→ EXERCISE: Exactly as they stand, set down all of the records again.
*** INFORMATION SHOWN
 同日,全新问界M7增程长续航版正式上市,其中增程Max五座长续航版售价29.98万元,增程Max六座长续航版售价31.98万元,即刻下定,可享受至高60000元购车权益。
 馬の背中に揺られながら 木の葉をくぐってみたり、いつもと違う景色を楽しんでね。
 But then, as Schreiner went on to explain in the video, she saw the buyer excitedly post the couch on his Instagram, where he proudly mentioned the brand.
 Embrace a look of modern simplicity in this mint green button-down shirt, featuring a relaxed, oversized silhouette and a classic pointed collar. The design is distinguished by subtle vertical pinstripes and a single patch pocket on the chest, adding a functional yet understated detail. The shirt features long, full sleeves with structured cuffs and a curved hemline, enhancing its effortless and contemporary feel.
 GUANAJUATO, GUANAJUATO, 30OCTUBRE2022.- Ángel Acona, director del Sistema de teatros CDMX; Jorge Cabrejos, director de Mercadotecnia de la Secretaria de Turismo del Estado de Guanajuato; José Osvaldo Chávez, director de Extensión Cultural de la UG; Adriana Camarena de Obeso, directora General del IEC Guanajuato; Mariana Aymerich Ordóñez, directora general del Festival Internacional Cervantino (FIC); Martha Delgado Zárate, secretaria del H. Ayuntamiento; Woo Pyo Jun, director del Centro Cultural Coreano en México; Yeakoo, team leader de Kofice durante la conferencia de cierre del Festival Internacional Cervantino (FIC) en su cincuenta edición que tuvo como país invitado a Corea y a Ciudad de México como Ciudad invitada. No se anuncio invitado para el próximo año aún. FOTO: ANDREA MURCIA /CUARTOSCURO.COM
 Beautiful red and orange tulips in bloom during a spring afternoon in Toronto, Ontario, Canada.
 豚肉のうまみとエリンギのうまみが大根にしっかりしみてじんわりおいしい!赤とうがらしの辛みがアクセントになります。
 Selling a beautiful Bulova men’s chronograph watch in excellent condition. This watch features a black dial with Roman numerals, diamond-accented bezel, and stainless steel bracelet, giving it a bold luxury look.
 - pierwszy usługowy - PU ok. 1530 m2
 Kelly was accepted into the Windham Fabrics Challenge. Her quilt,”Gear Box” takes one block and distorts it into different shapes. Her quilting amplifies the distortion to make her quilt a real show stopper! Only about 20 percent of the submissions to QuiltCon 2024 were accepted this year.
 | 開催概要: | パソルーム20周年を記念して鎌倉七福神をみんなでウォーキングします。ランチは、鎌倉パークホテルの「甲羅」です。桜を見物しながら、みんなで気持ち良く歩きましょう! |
******
→ EXERCISE SOLUTION:
 同日,全新问界M7增程长续航版正式上市,其中增程Max五座长续航版售价29.98万元,增程Max六座长续航版售价31.98万元,即刻下定,可享受至高60000元购车权益。
 馬の背中に揺られながら 木の葉をくぐってみたり、いつもと違う景色を楽しんでね。
 But then, as Schreiner went on to explain in the video, she saw the buyer excitedly post the couch on his Instagram, where he proudly mentioned the brand.
 Embrace a look of modern simplicity in this mint green button-down shirt, featuring a relaxed, oversized silhouette and a classic pointed collar. The design is distinguished by subtle vertical pinstripes and a single patch pocket on the chest, adding a functional yet understated detail. The shirt features long, full sleeves with structured cuffs and a curved hemline, enhancing its effortless and contemporary feel.
 GUANAJUATO, GUANAJUATO, 30OCTUBRE2022.- Ángel Acona, director del Sistema de teatros CDMX; Jorge Cabrejos, director de Mercadotecnia de la Secretaria de Turismo del Estado de Guanajuato; José Osvaldo Chávez, director de Extensión Cultural de la UG; Adriana Camarena de Obeso, directora General del IEC Guanajuato; Mariana Aymerich Ordóñez, directora general del Festival Internacional Cervantino (FIC); Martha Delgado Zárate, secretaria del H. Ayuntamiento; Woo Pyo Jun, director del Centro Cultural Coreano en México; Yeakoo, team leader de Kofice durante la conferencia de cierre del Festival Internacional Cervantino (FIC) en su cincuenta edición que tuvo como país invitado a Corea y a Ciudad de México como Ciudad invitada. No se anuncio invitado para el próximo año aún. FOTO: ANDREA MURCIA /CUARTOSCURO.COM
 Beautiful red and orange tulips in bloom during a spring afternoon in Toronto, Ontario, Canada.
 豚肉のうまみとエリンギのうまみが大根にしっかりしみてじんわりおいしい!赤とうがらしの辛みがアクセントになります。
 Selling a beautiful Bulova men’s chronograph watch in excellent condition. This watch features a black dial with Roman numerals, diamond-accented bezel, and stainless steel bracelet, giving it a bold luxury look.
 - pierwszy usługowy - PU ok. 1530 m2
 Kelly was accepted into the Windham Fabrics Challenge. Her quilt,”Gear Box” takes one block and distorts it into different shapes. Her quilting amplifies the distortion to make her quilt a real show stopper! Only about 20 percent of the submissions to QuiltCon 2024 were accepted this year.
 | 開催概要: | パソルーム20周年を記念して鎌倉七福神をみんなでウォーキングします。ランチは、鎌倉パークホテルの「甲羅」です。桜を見物しながら、みんなで気持ち良く歩きましょう! |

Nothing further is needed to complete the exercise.